RACE CLASS and ORGANISATION

It is claimed that Anarchism as currently constituted is unable to attract Black people, and other specially oppressed minorities. It is therefore argued that we should thus endorse separate Black-only anarchist/ community organisations that may in some (vague and unspecified) cases associate with "white" groups - "white" groups should "work among" "their own" people etc.)

These arguments are wrong or lacking in clarity.

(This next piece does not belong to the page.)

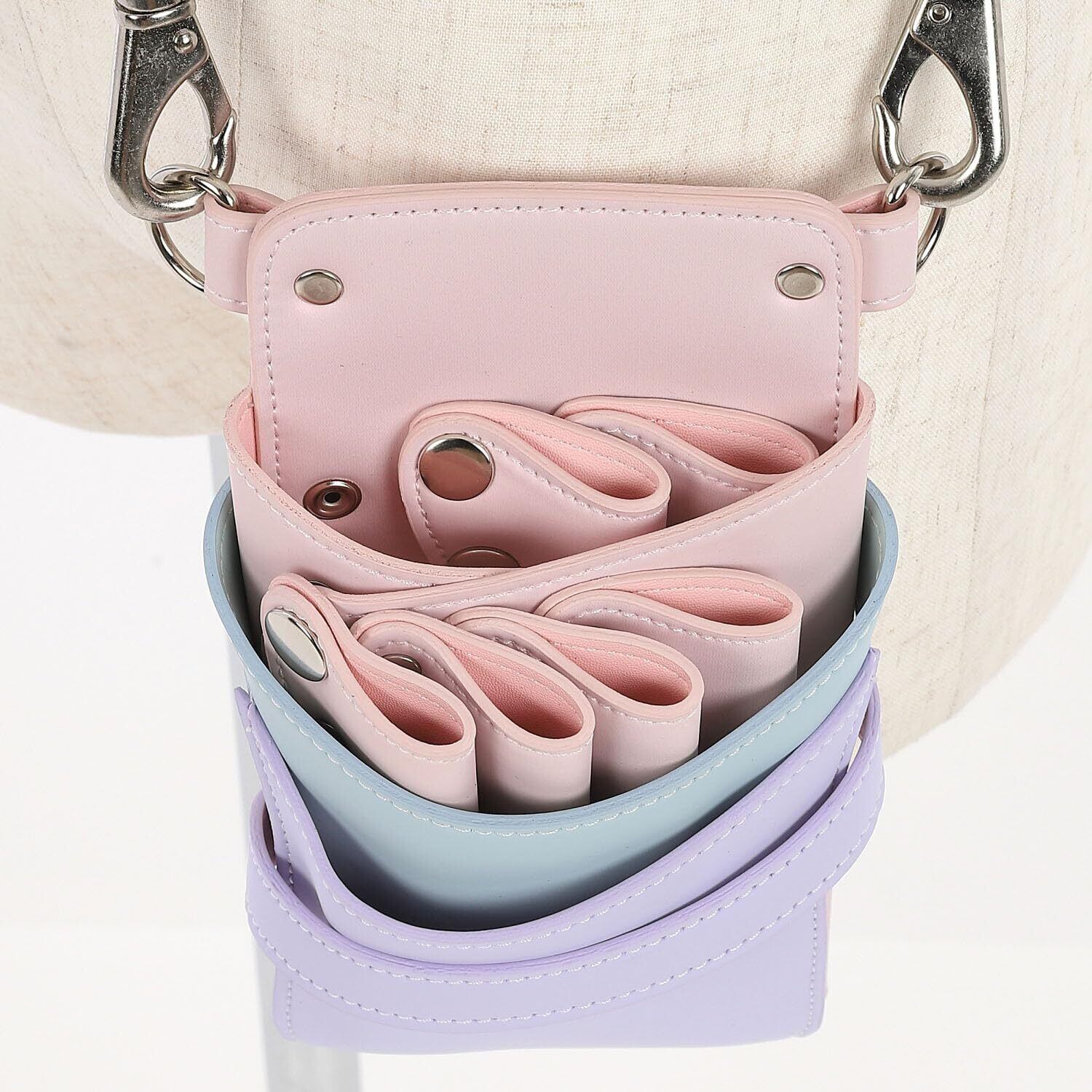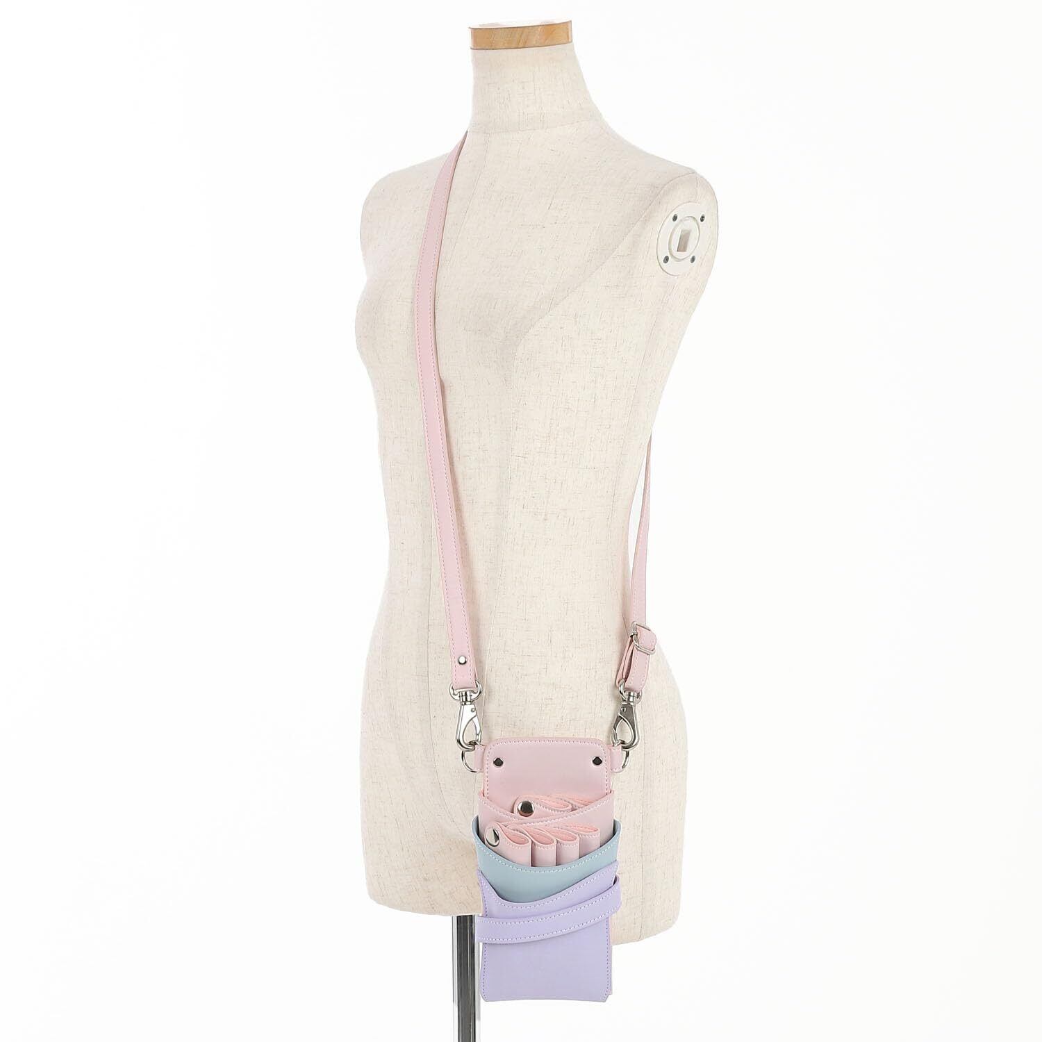マットな風合いのあるPUレザーを使用した6丁入れのシザーホルダーがついたコストパフォーマンスの高いシザーケースです。 後列のシザーホルダー2丁はそれぞれ取り外しが可能なので、用途やお好みに合わせてお使いいただけます。 スリムなデザインにこだわりつつ、ブラシやダッカールなどを挟むベルトやコームや小物を収納できるポケットなど機能性ももちろん重視しました。 また、底面がボタン式になっている他、各パーツが取り外せるので、日々のお手入れや掃除も簡単です。 専用ベルトは、腰巻きはもちろん肩掛けとしてもご利用いただけます。

Firstly, class struggle anarchism has historically proved quite capable of attracting massive numbers of people of colour. In fact, one could claim that historically most anarchist movements have been based in Third World countries. For example, anarchism dominated the revolutionary movement in China in the 1910s and early 1920s. In the First World, Anarchist movements historically attracted specially oppressed national minorities, for example, the IWW attracted thousands of Black workers in the USA Deep South. Even today, groups such as the WSF (SA) and the Awareness League of Nigeria have almost entirely Black memberships . The key to this success was a consistent class struggle programme that combated all manifestations of oppression. For example, the Cuban Anarchists mobilised both Afro-Cubans, creoles and Spaniards in massive integrated anarcho-syndicalist unions because they opposed racist practices like apprenticeship laws, because they supported the anti-colonial struggle against Spain and because they provided a class struggle answer to the questions facing all sections of the working class. It was not a "revision" of anarchism to accommodate nationalist paradigms that made the breakthrough- it was the ability of anarchism to provide alternatives and to pay special attention to the specific needs of these different sections of the working class in order to unite the whole class that made the success possible. Anarchists did not capitulate to nationalist ideas- they combated them- they did not organise separately, they organised as Anarchists on a class struggle basis.

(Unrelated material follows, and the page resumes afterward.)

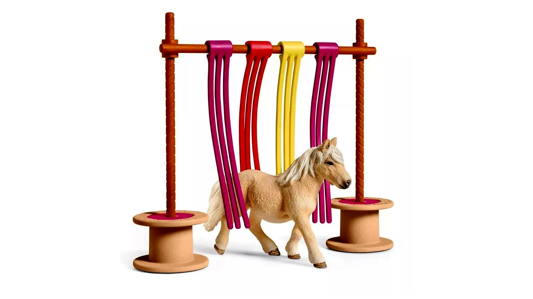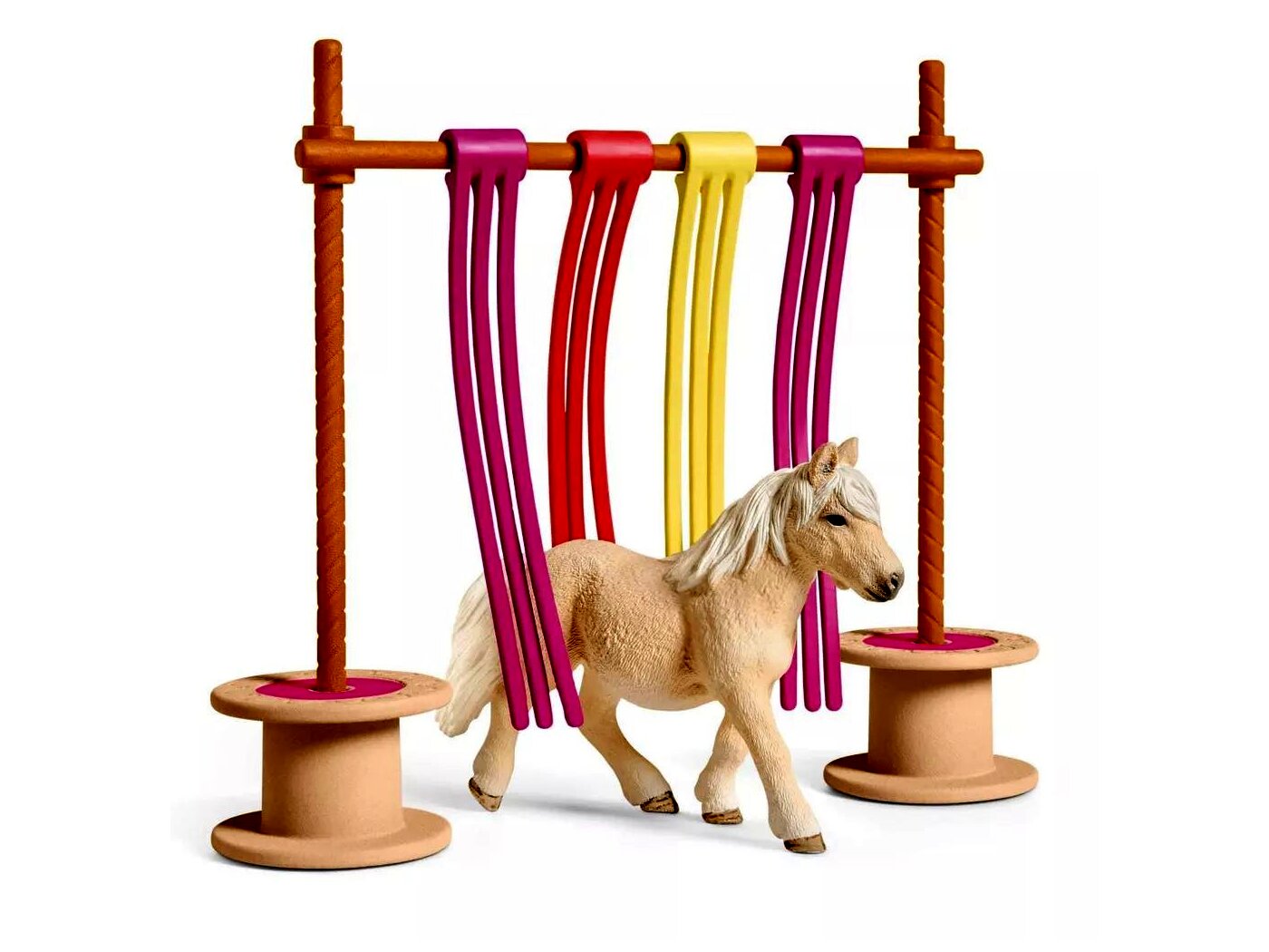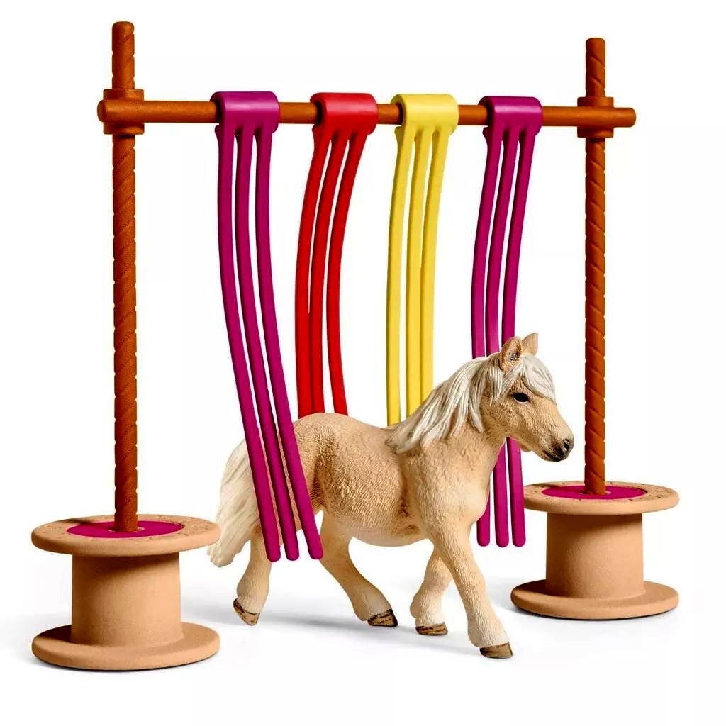 A pónik rajongói tudják, hogy a lovak zászlóktól és szalagoktól való félelmét csak úgy lehet legyőzni, ha erre kiképezik őket. A Schleich szalagfüggöny szettjével a gyerekek "begyakoroltathatják" a szalagfüggönyt igénybe vevő trükköket a csomagban rejlő igényesen kidolgozott póni figurával. A játék során fejlődik a gyerekek képzelete, fantáziája és kommunikációs készsége.

Even today, the Anarchist groups emerging in Third World countries like Nigeria and South Africa base themselves on a class programme- we have seen the end results of nationalism and we oppose it (although obviously we defend peoples right to choose to believe in it, and even if we recognise grassroots nationalists as progressive fighters against racism etc.). This does not mean that we downplay imperialism or racism- on the contrary we pay specific attention to these key questions, but we subject them to class analysis and advocate class struggle strategies against them.

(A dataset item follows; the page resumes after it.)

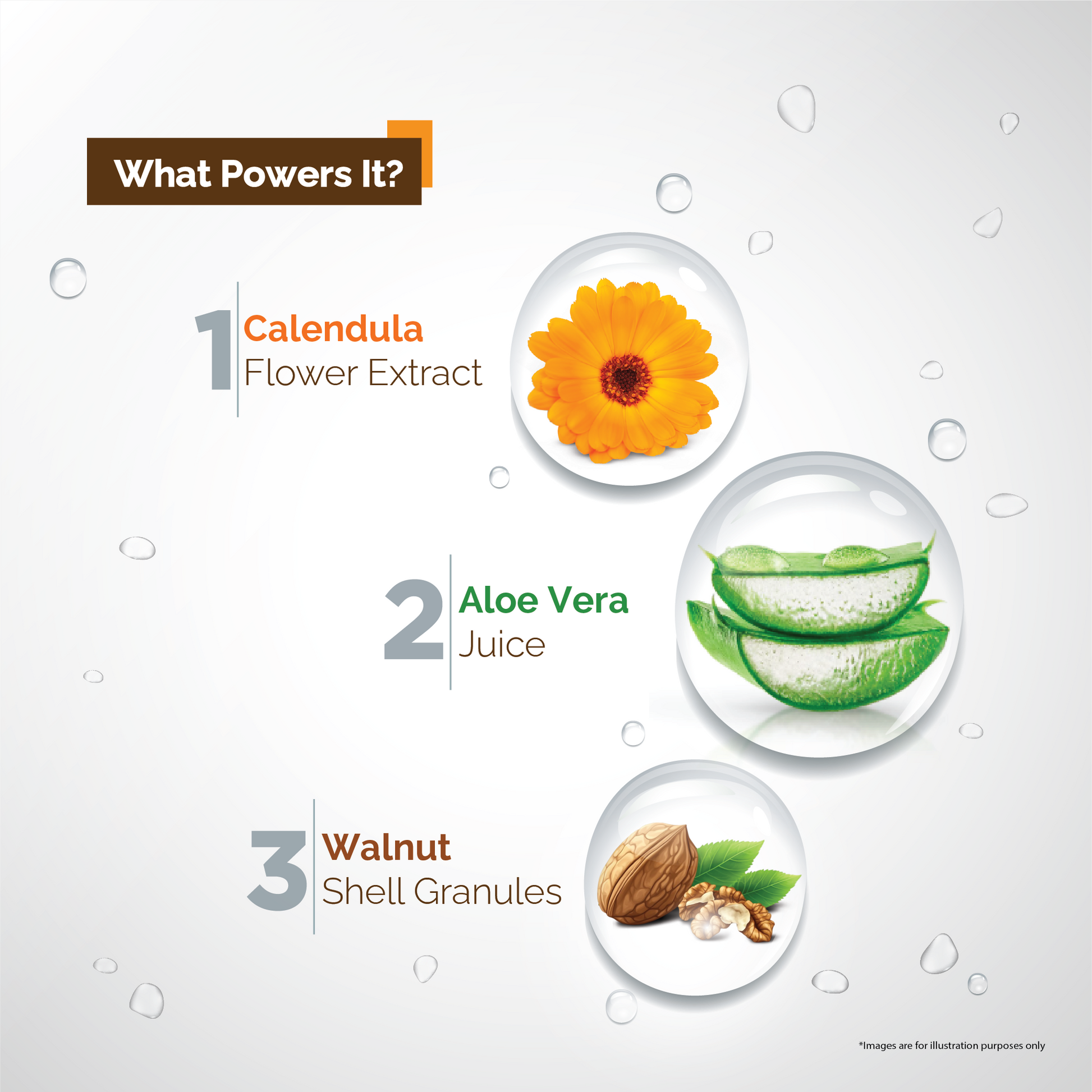 Walnut Shell Exfoliation – Contains finely ground Walnut Shell granules for mild exfoliation that removes dirt, and impurities leaving smoother and glowing skin.

Black nationalism and/or separatism is not the only thing that can fight racism or attract Black people and workers to organisations. Even in South Africa, the Communist Party was the main mass organisation throughout the 1930s and 1940s and dwarfed the nationalist groups like the ANC; in the 1920s the main mass organisation (aside from the Communist Party) was the quasi-syndicalist Industrial and Commercial Workers Union. In Harlem in the USA in the 1930s, the CPUSA was able to win Black workers away from Garveyism on the basis of a consistent defence of the unity of White and Black workers.

While Anarchists should unconditionally defend the rights of specially oppressed sections of the working class to organise separately, they should not necessarily promote it except in certain conditions (see below). I think that we should separate out the issues of the right to organise separately from the issues of the usefulness of this mode of organisation. Some people have stated uncritically that we should support people's right to organise separately etc., but in a vague sense, not always clarifying or thinking through the implications of this position.

We simply cannot take it for granted that separate organisations are necessarily progressive or travelling the same road as we are. We defend the right of Blacks, women [etc.] to organise separate / special organisations where they feel this is necessary. This is because we defend the democratic right of free association.

Nonetheless, separate organisations are not necessarily progressive - in some cases they are clearly reactionary and a backward step, in others they are poor strategy.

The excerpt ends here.